Yup.  I didn't think about it until just now, but this may come in handy for
internationalization, since the whole "%1" concept that's been talked about can
be faked just by reordering parameters.


Sean
March 17, 2005
Re: readf/unformat 1.4 released (updated)
Sean Kelly wrote: (back in 2004-09-24, that was)

> For those of you who don't know, readf began as an attempt at a full
> C99-compliant scanf implementation in D.  It's since been renamed to match the
> Phobos writef/format functions a bit more closely, and this version attempts to
> bring usage a bit closer to readf. 
[...]
> unFormat still will not throw an exception on parameter mismatch, but will
> return immediately instead.  This is the only interface issue I know of where
> this package diverges from doFormat/writef.  

I changed this package to break it into
std.stdio.readf and std.string.unformat...

I also made it throw Exceptions on % FormatError
and parameter mismatch e.g. not passing pointers


The missing TypeInfo for pointers, and the fact that you cannot
pass _arguments and _argptr around with GDC without losing info
makes it a horrible kludge at the moment - but it does work! ;-)
(currently unformat only works from within std.string, though...)


Sean Kelly's old declaration of unFormat was:

> int unFormat( bit delegate( out dchar ) getc,
>               bit delegate( dchar ) ungetc,
>               TypeInfo[] arguments,
>               void* argptr )

This was changed to use EOF and lose the "bit":

> void unFormat( dchar delegate() getc, dchar delegate(dchar) ungetc,
>               TypeInfo[] arguments, va_list argptr,
>               Mangle[] mangle = null, Mangle[] mangle2 = null)

(last two parameters being part of the GDC kludge,
you should already know "va_list" from std.stdarg:)

> version (GNU) {
>     // va_list might be a pointer, but assuming so is not portable.
>     private import gcc.builtins;
>     alias __builtin_va_list va_list;
> } else {
>     alias void* va_list;
> }


You only provide two delegates: getc and ungetc,
which are very similar to their C counterparts...
(making the wrappers for fgetc and ungetc simple)

    dchar getc();
    dchar ungetc(dchar c);

Should an EOF occur, the "new" versions now returns a
cast(dchar) std.c.stdio.EOF, or: 0xFFFFFFFF as UTF-32.
(which is not a valid code point, and thus "safe" here)
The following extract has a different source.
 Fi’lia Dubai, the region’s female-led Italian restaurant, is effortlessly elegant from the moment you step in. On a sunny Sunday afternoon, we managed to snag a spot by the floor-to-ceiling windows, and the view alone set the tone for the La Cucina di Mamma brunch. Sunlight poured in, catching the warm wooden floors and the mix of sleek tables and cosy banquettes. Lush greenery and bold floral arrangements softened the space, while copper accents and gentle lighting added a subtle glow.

Otherwise, the internals work more or less as before
(except that it doesn't internalize the exceptions...)


Here is the "ideal" version of std.string.unformat,
ignoring the current GDC Mangling preprocessing hacks:

> void unformat(char[] s, ...)
> {
>     size_t idx = 0, old_idx;
> 	
>     dchar getc()
>     {
>     	old_idx = idx;
>     	if (idx >= s.length)
>     		return cast(dchar) EOF;
>     	return std.utf.decode(s, idx);
>     }
> 
>     dchar ungetc(dchar c)
>     {
>     	idx = old_idx;
>     	return c;
>     }
>
>     std.unformat.unFormat(&getc, &ungetc, _arguments, _argptr);
> }

You can use this as: (very similar to "format")

int i, j;
unformat("1 2", "%d %d",&i,&i)
unformat("1 2", "%d",&i,"%d",&j)
unformat("1 2", &i,&j);
assert(i == 1 && j == 2);

Since i and j are int's, it'll default to "%d".
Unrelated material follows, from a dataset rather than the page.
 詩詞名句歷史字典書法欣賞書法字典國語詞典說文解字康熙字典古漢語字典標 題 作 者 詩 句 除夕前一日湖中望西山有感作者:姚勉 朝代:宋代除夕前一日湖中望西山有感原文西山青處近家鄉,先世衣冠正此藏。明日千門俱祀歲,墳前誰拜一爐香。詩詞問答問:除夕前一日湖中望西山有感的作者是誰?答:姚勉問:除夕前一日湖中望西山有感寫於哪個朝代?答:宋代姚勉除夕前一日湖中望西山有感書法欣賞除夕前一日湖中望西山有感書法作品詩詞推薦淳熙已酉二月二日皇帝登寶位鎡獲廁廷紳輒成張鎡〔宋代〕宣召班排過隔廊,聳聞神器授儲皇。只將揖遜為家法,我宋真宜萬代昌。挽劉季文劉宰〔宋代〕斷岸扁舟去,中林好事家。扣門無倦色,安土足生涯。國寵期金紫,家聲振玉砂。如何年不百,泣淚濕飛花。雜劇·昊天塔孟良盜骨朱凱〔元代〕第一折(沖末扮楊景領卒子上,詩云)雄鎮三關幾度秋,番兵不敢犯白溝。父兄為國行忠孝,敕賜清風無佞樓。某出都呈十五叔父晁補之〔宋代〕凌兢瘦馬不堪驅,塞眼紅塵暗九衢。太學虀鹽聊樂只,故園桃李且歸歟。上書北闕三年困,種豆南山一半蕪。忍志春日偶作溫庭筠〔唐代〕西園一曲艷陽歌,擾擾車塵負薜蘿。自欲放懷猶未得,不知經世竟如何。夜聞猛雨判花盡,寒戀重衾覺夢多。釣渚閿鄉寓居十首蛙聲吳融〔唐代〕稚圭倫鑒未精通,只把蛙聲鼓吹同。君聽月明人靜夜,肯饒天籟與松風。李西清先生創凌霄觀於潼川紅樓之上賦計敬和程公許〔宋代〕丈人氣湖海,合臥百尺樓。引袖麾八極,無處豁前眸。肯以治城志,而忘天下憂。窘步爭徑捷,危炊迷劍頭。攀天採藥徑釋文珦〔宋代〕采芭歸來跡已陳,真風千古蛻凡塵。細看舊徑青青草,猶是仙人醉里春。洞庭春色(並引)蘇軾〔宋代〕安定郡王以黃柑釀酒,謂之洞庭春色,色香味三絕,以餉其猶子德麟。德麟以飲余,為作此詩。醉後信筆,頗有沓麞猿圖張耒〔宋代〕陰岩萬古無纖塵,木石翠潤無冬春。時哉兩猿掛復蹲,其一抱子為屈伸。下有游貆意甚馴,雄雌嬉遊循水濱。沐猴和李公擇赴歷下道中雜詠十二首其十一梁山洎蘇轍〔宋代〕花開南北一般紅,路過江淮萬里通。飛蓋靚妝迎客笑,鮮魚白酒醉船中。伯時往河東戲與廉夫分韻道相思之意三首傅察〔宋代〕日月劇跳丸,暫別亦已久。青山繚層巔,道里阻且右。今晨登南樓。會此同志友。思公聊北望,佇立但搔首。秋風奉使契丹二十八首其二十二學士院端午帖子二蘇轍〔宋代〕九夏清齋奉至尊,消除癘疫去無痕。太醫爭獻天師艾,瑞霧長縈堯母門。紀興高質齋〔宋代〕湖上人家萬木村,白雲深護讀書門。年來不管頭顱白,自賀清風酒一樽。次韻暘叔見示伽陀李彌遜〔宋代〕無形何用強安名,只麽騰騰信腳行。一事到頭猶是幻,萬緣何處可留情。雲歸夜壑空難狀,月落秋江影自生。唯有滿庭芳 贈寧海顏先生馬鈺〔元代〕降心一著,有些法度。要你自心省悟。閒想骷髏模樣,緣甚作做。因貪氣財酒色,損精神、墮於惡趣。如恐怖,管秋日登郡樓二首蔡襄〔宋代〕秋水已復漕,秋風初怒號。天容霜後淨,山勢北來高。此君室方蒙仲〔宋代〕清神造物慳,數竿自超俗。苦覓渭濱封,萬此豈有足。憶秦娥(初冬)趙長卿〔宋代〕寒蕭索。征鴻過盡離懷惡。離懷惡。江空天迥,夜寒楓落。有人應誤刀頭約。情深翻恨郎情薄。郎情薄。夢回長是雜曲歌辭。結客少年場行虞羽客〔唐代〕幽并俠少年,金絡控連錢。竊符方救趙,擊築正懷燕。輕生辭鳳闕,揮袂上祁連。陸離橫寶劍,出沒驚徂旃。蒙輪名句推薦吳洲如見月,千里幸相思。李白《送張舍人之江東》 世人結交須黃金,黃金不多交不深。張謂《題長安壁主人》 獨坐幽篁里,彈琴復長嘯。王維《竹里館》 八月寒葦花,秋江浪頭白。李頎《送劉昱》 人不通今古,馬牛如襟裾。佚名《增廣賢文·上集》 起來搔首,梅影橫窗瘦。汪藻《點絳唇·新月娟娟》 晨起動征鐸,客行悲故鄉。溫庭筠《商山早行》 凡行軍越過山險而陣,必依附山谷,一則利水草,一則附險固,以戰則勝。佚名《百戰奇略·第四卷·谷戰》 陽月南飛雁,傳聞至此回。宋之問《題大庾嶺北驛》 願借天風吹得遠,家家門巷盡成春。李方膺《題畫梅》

Then there is the readf function, which also works as expected:

> import std.stdio;
> 
> void main()
> {
>   char[] s;
>   write("What's is your name: ");
>   readf("%s", &s);
>   writefln("Hello, %s!", s);
> }

Which inputs/outputs something like:
    What's is your name: Anders
    Hello, Anders!
(yes, this is the actual D program)

Note that if you pass "s" instead of "&s", an Error will be thrown...
(this should stop the usual scanf bugs, with forgetting to &-prefix ?)
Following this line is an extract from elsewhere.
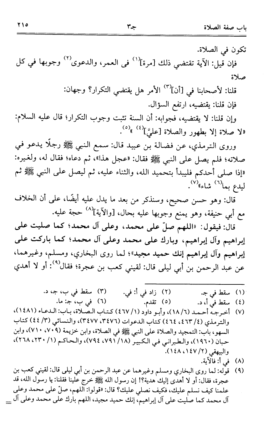 قال: فيقول: "اللهم صل على محمد، وعلى آل محمد؛ كما صليت على إبراهيم وآل إبراهيم، وبارك على محمد وعلى آل محمد؛ كما باركت على إبراهيم وآل إبراهيم إنك حميد مجيد"؛ لما روى البخاري، ومسلم، وغيرهما، عن عبد الرحمن بن أبي ليلى قال: لقيني كعب بن عجرة؛ فقال: أو لا أهدي.

The program also uses the formatless version of writef called "write",
which doesn't treat '%' characters special but just prints them out...


Once the new version of GDC is out, I will try to see if the TypeInfo
passing can't be fixed for that compiler too and then post some code.

>  * Copyright (C) 2004 by Sean Kelly
>  * Copyright (C) 2005 by Anders F Bjoerklund
>  *
>  * Permission to use, copy, modify, distribute and sell this software
>  * and its documentation for any purpose is hereby granted without fee,
>  * provided that the above copyright notice appear in all copies and
>  * that both that copyright notice and this permission notice appear
>  * in supporting documentation.  Author makes no representations about
>  * the suitability of this software for any purpose. It is provided
>  * "as is" without express or implied warranty.

Original file came from: http://home.f4.ca/sean/d/stdio.zip
(had the Open Source license agreement being duplicated above)


Thanks to Sean for doing the grunt-work with format parsing,
so we (still) don't have to rename it to "std.stdo" anymore :-)
--anders


PS. Yes, it uses pointers. Kris has already written C++-style
    bitshift-operator overloads for people who want that... ?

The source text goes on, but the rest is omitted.